Professors at campuses around the United States are bringing together faculty experts – who often have different ideological viewpoints on the Israeli-Palestinian conflict – to lead campus discussions about the conflict. For example, at Dartmouth College in New Hampshire, Centre College in Kentucky, and Elon University in North Carolina, faculty are reportedly guiding students through earnest, respectful conversations about the war in Gaza and the region’s history. That is what universities do best, says Professor Schwartz: research, learning, teaching, and dialogue.
Differing applications
In their letter to President Drake, professors wrote that his use of the term “viewpoint-neutral” calls into question their academic integrity and is “an unneeded rebuke of the rigorous work done by our colleagues who spend significant time developing and delivering world-class curriculum and pedagogy.”
Viewpoint neutrality in university regulations is essential, especially for public schools, points out Professor Schwartz. “This idea that you would have to be viewpoint neutral in your regulations, in the way you treat different people and different actions and different expressions and scholarship, that’s not just important because you’re a university.
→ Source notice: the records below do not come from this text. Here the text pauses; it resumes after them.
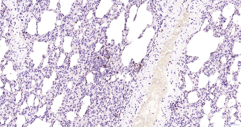 Paraformaldehyde-fixed, paraffin embedded Mouse Lung; Antigen retrieval by boiling in sodium citrate buffer (pH6.0) for 15 min; Antibody incubation with Cleaved-Caspase 3 p17 Monoclonal Antibody, Unconjugated(bsm-61090R) at 1:100 overnight at 4°C, followed by conjugation to the SP Kit (Rabbit, SP-0023) and DAB (C-0010) staining.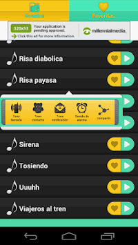 Con la App de Sonidos para Whatsapp podrás también a través del botón compartir enviar los sonidos por correo electrónico. El resto de opciones son para establecer cualquiera de los sonidos como Tono de llamada, como Tono de contacto, Tono de notificación, o establer el sonido como Tono para alguna de tus alarmas.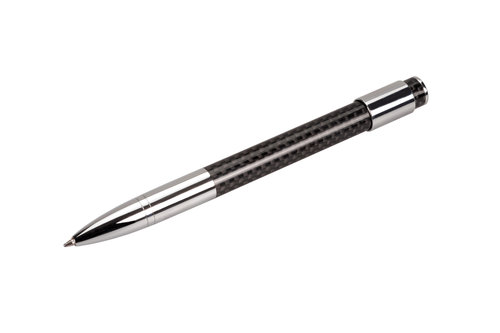 długopis biznesowy w pudełku kaszerowanym, materiał: karbon inaczej włókno węglowe (lekki i wytrzymały), posiada kręcący się element antystresowy, wymiary: 180x90x40 (pudełko), rozmiar długopisu: 15 cm
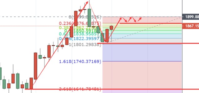 【趋势分析】周一高开低走,周二继续加大下跌趋势,录得大阴柱,周三触底1809一线收1813一线给出十字星日k,预示行情反转,不出意外,周四延续反转行情,开盘1813一线收盘1829一线,周五继续阳柱收官。至此行情V型反转呈现出来,先跌后续再涨。本周,奉百禄要提醒的是,若金价突破且企稳1862/1870区间,这将止住中期的跌势,推动金价开始复苏尝试,并重回主要看涨趋势。目前有被套的朋友,由于笔者奉百禄不知道你们被套的详细点位和仓位的具体情况,在这里不好给出相应的解决策略,需要离场的朋友可单线奉百禄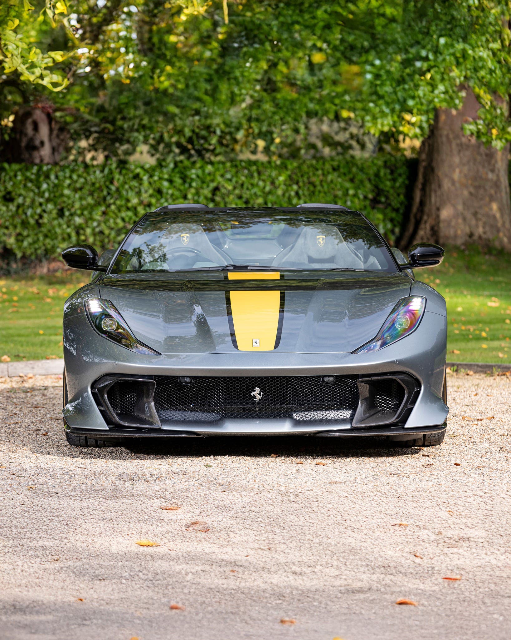 La carrozzeria offre una finitura in Grigio Competizione, con striscia centrale Giallo Triplo Strato lucido e bordi esterni in Nero. Gli interni in Alcantara antracite, con dettagli yellow, completano il pacchetto visivo. Fra i punti di forza della Ferrari 812 Competizione A in esame, merita di essere menzionata la bassa percorrenza. Da nuova ha macinato soltanto 273 miglia.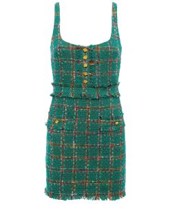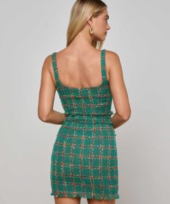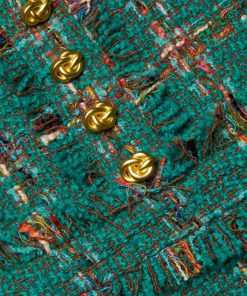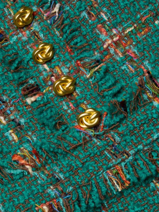 Meet the Valli, a chic tweed mini dress, featuring fringed trims and jewelry-inspired gold-tone buttons. It’s a structured, statement style with playful texture and vintage-inspired details. Now updated in green windowpane tweed, woven with vibrant threads of magenta, gold, and rust.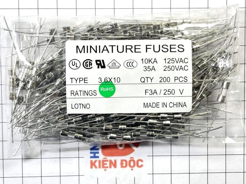 Cầu chì thủy tinh 3A 250V 3.6×10mm loại chân hàn là linh kiện bảo vệ quá dòng dùng trong các mạch điện – điện tử có dòng làm việc trung bình đến tương đối cao. Khi dòng điện vượt quá 3A, dây chảy bên trong cầu chì sẽ nóng chảy và ngắt mạch, giúp bảo vệ thiết bị và bo mạch khỏi hư hỏng do quá tải hoặc chập mạch.

That’s required because you’re the government; it’s the First Amendment,” she explains.
Schools that violate this neutrality can lose their federal funding.
But applied to curricula, viewpoint neutrality undermines what’s powerful about the practice of history in a democratic society, says Dr. Derr at UC Santa Cruz.
“This idea of presenting conflicting ideas in the classroom and thinking about those conflicting ideas through historical evidence critically, this to me is the work of [historians],” she says. “And I think it’s the kind of work that should be celebrated in moments of political difficulty.”